The bout-ending criterion (BEC) corresponding to equation (1) is:

(2)#\[BEC = \frac{1}{\lambda_f - \lambda_s} log \frac{N_f \lambda_f}{N_s \lambda_s}\]

Note that there is one BEC per transition between Poisson processes.

The methods of this subclass are provided by the abstract super class Bouts, and defining those listed below.

Methods summary#

BoutsNLS.plot_ecdf(coefs[, ax])

Plot observed and modelled empirical cumulative frequencies

Maximum likelihood models#

This is the preferred approach to modelling mixtures of random Poisson processes, as it does not rely on the subjective construction of a histogram. The histogram is only used to generate reasonable starting values, but the underlying paramters of the model are obtained via maximum likelihood, so it is more robust.
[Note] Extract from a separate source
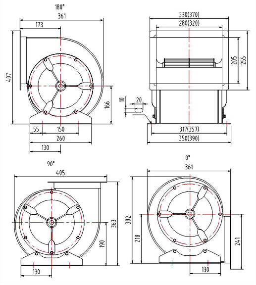 風機可制成右旋轉和左旋轉兩種型式,從電動機一端正視,葉輪順時針旋轉,稱為右旋轉風機,以“右”表示;葉輪逆時針旋轉,稱為左旋轉風機,以“左”表示。

For the case of a mixture of two processes, as above, the log likelihood of all the \(N_t\) in a mixture can be expressed as:

(3)#\[log\ L_2 = \sum_{i=1}^{N_t} log[p \lambda_f e^{-\lambda_f t_i} + (1-p) \lambda_s e^{-\lambda_s t_i}]\]

where \(p\) is a mixing parameter indicating the proportion of fast to slow process events in the sampled population.

The BEC in this case can be estimated as:

(4)#\[BEC = \frac{1}{\lambda_f - \lambda_s} log \frac{p\lambda_f}{(1-p)\lambda_s}\]

The subclass BoutsMLE offers the framework for these models.

Methods summary#

BoutsMLE.negMLEll(params, x[, istransformed])

Log likelihood function of parameters given observed data

BoutsMLE.fit(start[, fit1_opts, fit2_opts])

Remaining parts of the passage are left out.